Islam in particular and immigration in a larger sense, are likely to be the significant fault lines that nations will grapple with in the days to come. What were once fringe appeals will become more mainstream, and the democratic process will increasingly reflect the fears that dominate the political discourse of today. Instead of working against a backdrop of idealism, democracies could veer towards mirroring insecurities and anxieties. In any case, the professed ideals of democracy have been systematically and hypocritically compromised by political processes across the world. Donald Trump is articulating loudly what has been inaudibly whispered all this while- he is not saying anything new, what is new is that he is saying it.

In an article in this newspaper, Swapan Dasgupta argues that the kind of support Trump is unexpectedly attracting is a sign of a ‘grassroots revolt against condescension’ that the elite have directed at the ‘little guy’. One may not agree with Dasgupta’s characterisation of Trump’s views as ‘wilfully outrageous’ comments that he attributes to a deliberate strategy of ‘polemical exaggeration’; for rarely has anyone accused Trump of finesse or subtlety, but the essential point that he makes is worth considering.
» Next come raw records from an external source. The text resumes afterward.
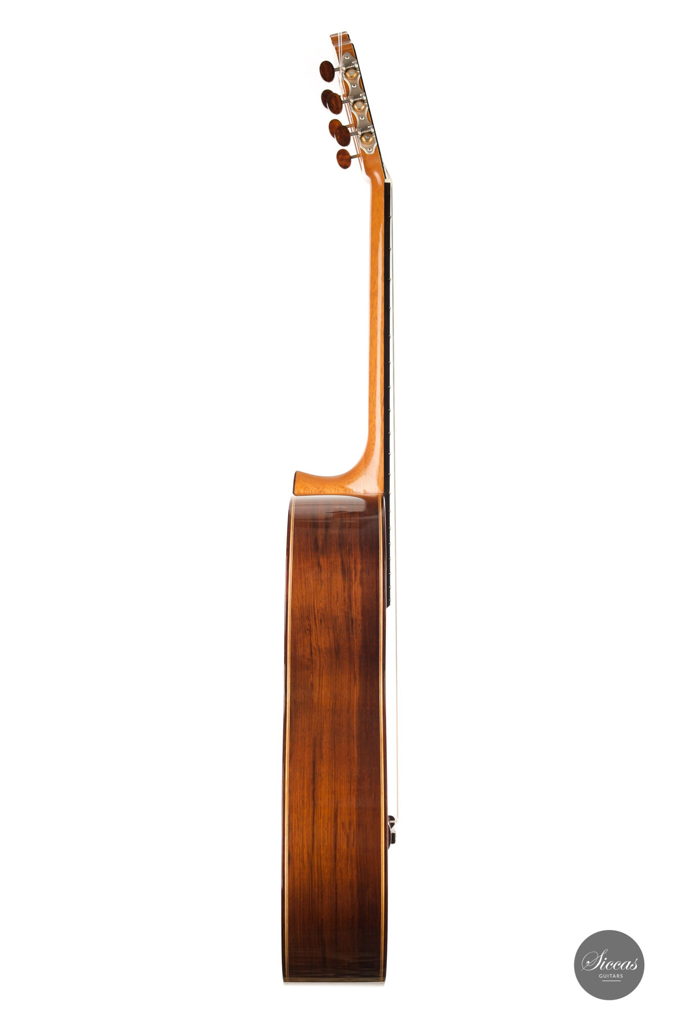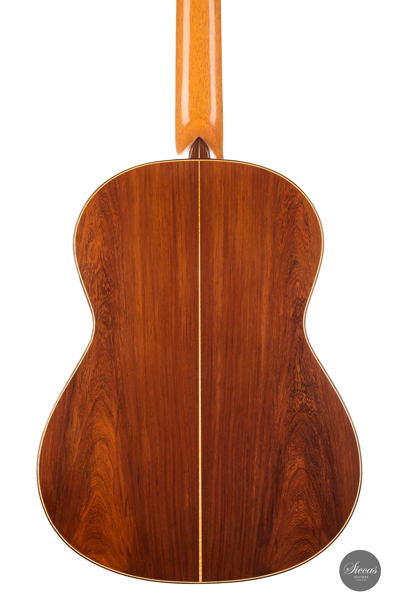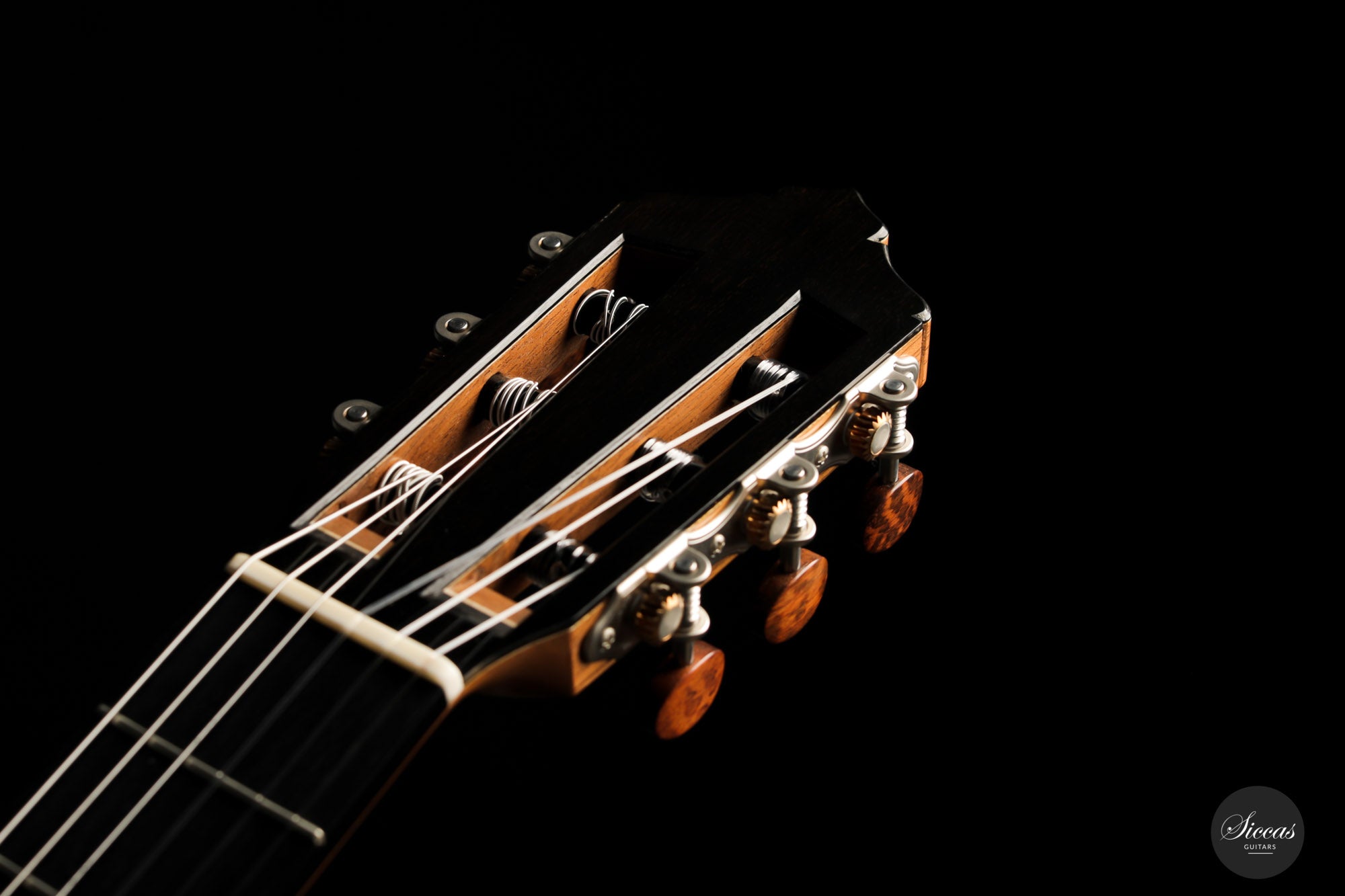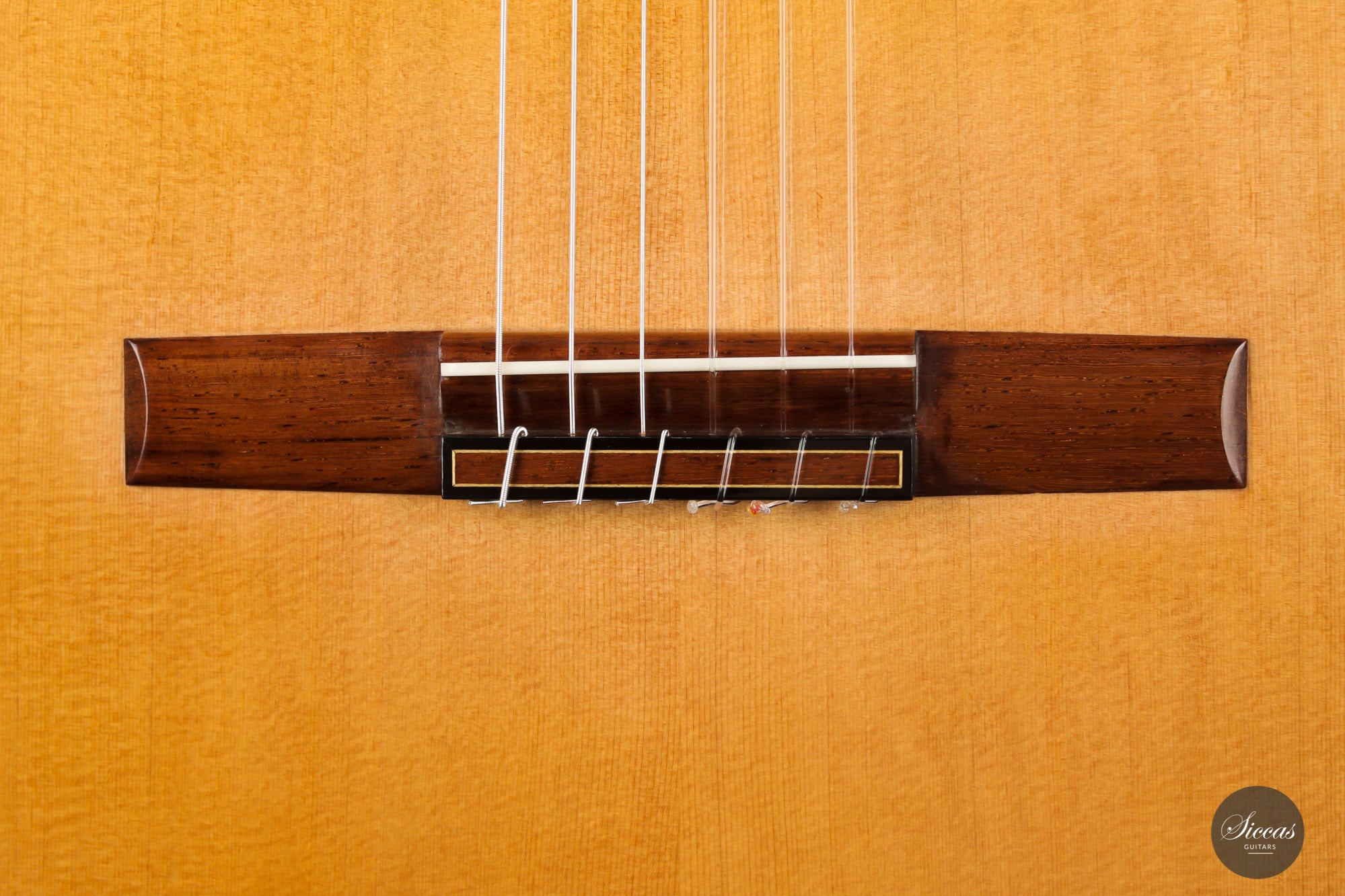 This brand new Mijail Kharash guitar is delightful to play. Its 64 cm scale length, low string action, beautifully shaped neck, and extremely responsive cedar top are the perfect mix for an effortless playing experience. The thin cedar top is strengthened by a spruce fan bracing, which adds both clarity and warmth to the tone. This results in not only a lightweight and very responsive classical guitar with authentic Spanish character, but overall an excellent handmade guitar at an attractive price.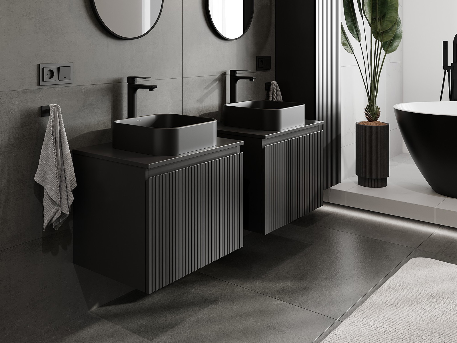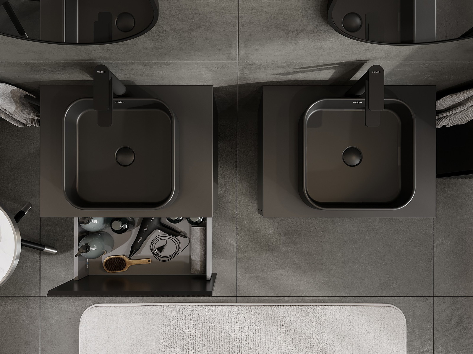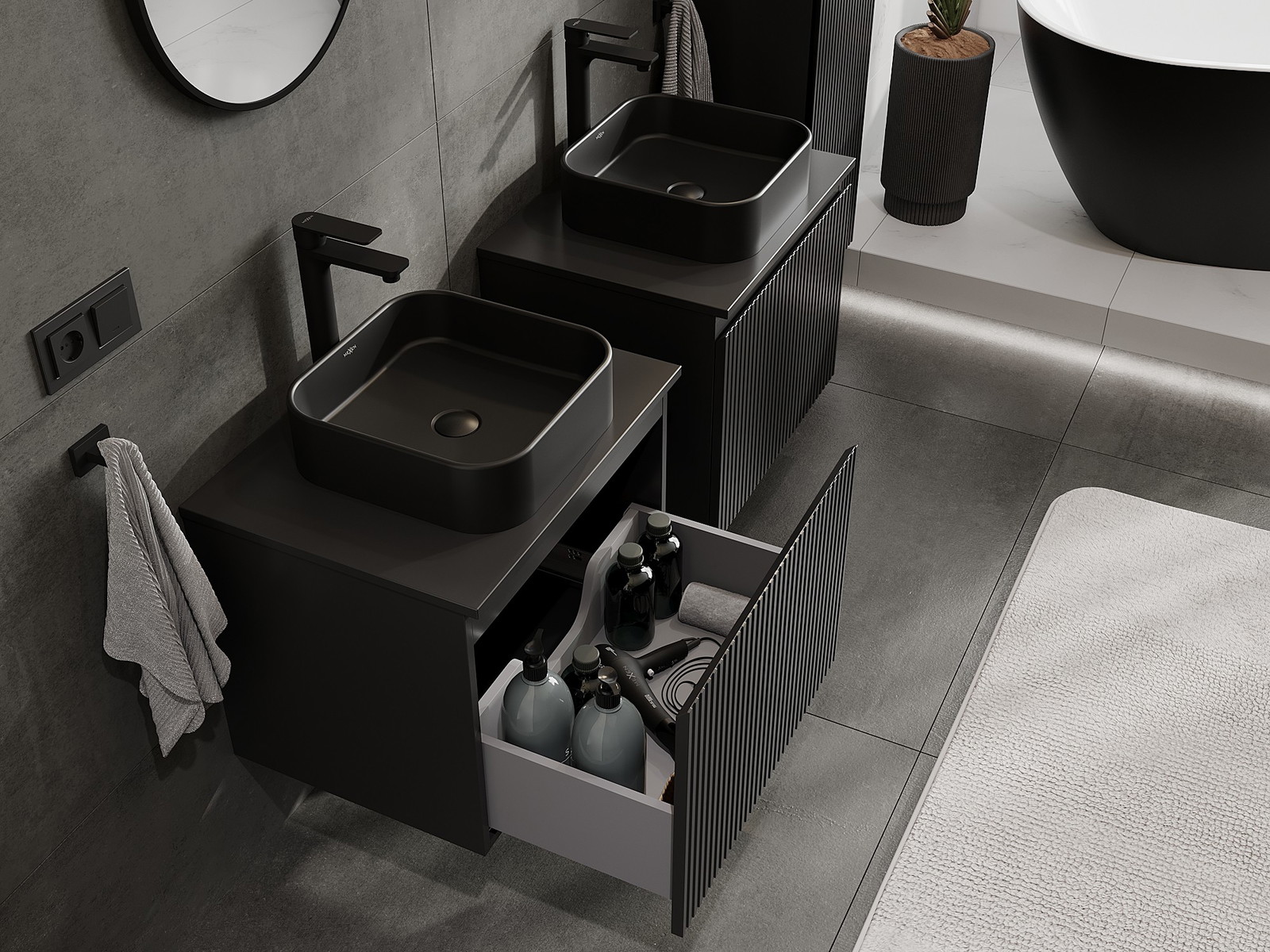 Mexen Rivel armário de casa de banho sob bancada 60 cm com tampo, 1 gaveta, canelado, preto mate - 91A20-06047-1-BFC71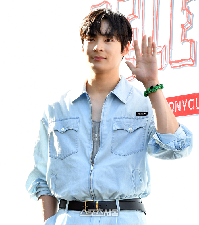 배우 송건희가 13일 청담동 미우미우 매장에서 열린 장원영 셀렉트 이벤트에 참석하기 앞서 포토월에 서고 있다. 2024.05.13.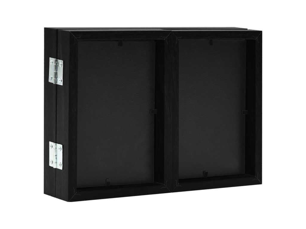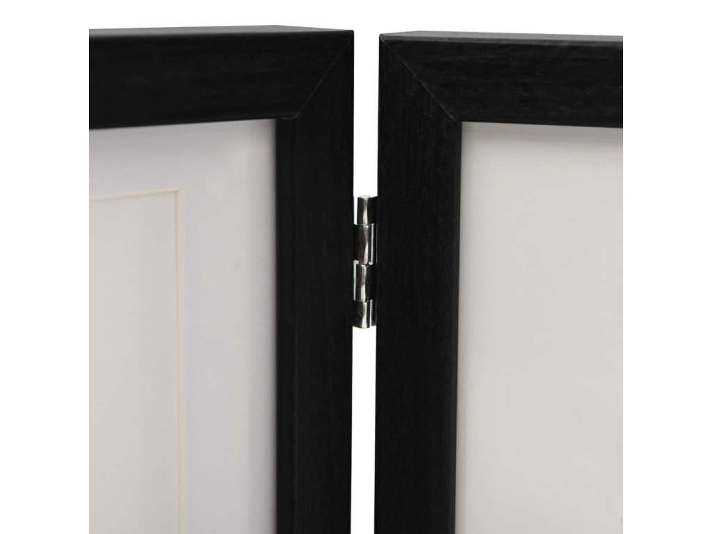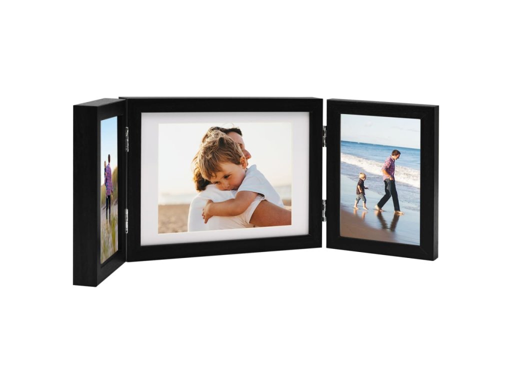 Koláž fotorámečků s panty má klasické rovné linie a oživí váš interiér moderním nádechem. Zadní deska z MDF s tvrdým PS materiálem na přední straně slouží jako ochrana. Fotografie je možné snadno vyměnit pomocí pojistky na zadní straně. Rámečky mají skládací provedení a mohou stát na stole bez podstavce.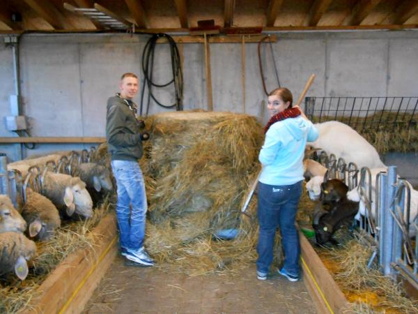 Betreuung der städtischen Schaf- und Ziegenherden zur Beweidung kommunaler Flächen im Naturschutzgebiet: Füttern der Tiere und Stecken der Koppeln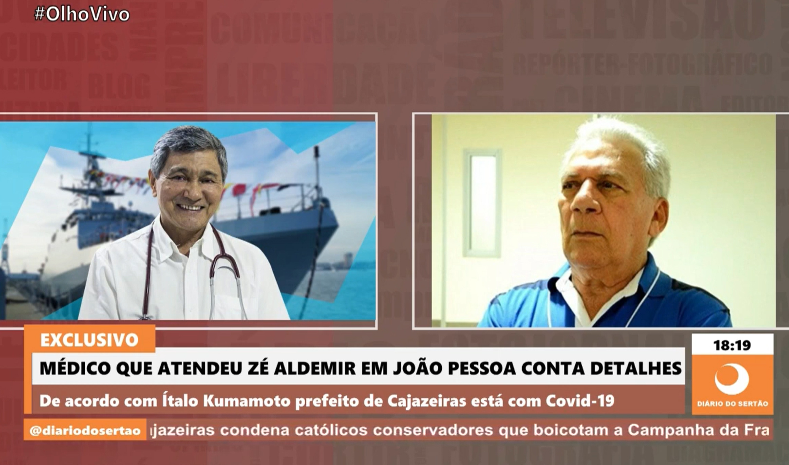 O médico Ítalo Kumamoto do Hospital Memorial São Francisco, em João Pessoa, que estava a frente do atendimento ao prefeito de Cajazeiras, José Aldemir, logo após ele ser transferido para a capital, na última sexta-feira (12), afirmou que pelo quadro clínico, o político está com o coronavírus. De acordo com o médico a tomografia mostrou que os pulmões do Zé Aldemir estavam de 20 a 25% comprometidos.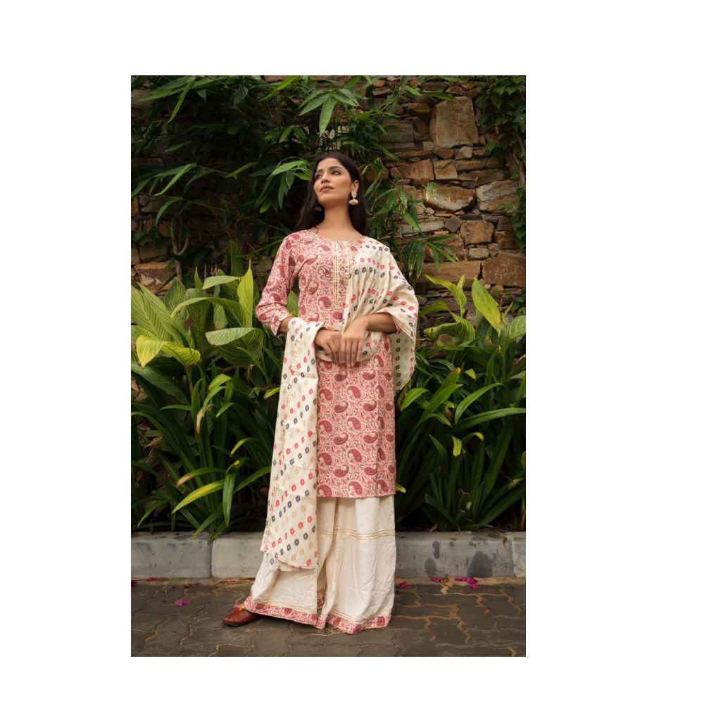 Pink And Cream Color Kurti Sharara Set With Dupatta

There is a process of denial that is at work when it comes to acknowledging that Islam and terrorism are related in some form. A virulent strain of Islamic thought is responsible for many of the terrorist attacks and particularly post the rise of ISIS, other Muslims are the primary victims of this form of Islamic thought.

The primary confusion is between ‘what should be’ and ‘what is’. No religion condones the killing of innocents, but religions can be interpreted so as to reclassify who is innocent and who is not. The bigotry of a few in a group should not taint others of a similar persuasion, but in the real world it does. The responsibility for separating Islam from terrorists who act in the name of Islam should not rest on Muslims alone, but they are the ones most affected by it and therefore the world will expect that they counter the threat they face more than anyone else more effectively. at the end of the day, what can be said definitively that the current attempts to separate Islam from Islamist terrorism have failed.

Not only Trump, but thanks to social media, many more people are saying what could not be put into words earlier without attracting the wrath of the liberal mainstream. There is a growing constituency for expressing feelings that one should not have but one does, and upon finding that there are many more who feel similarly, these politically incorrect sentiments get crystallised into a larger movement.

The time for saying the right things and getting by is over. Using the instrument of democracy, fear and divisiveness are likely to triumph over ideals and inclusiveness. What the world needs is a new set of leaders- an anti-Trump, if you will who helps us reclaim a democracy of idealism by loudly and powerfully championing its cause. The true test of leadership is to make desirable what is needed, to make difficult ideas look practical, to find in ourselves the strength to overcome barriers imposed by fear and doubt. The fight today is not as Dasgupta suggests, between a condescending elite and the frustrated ‘little man’ but between idealism and fear.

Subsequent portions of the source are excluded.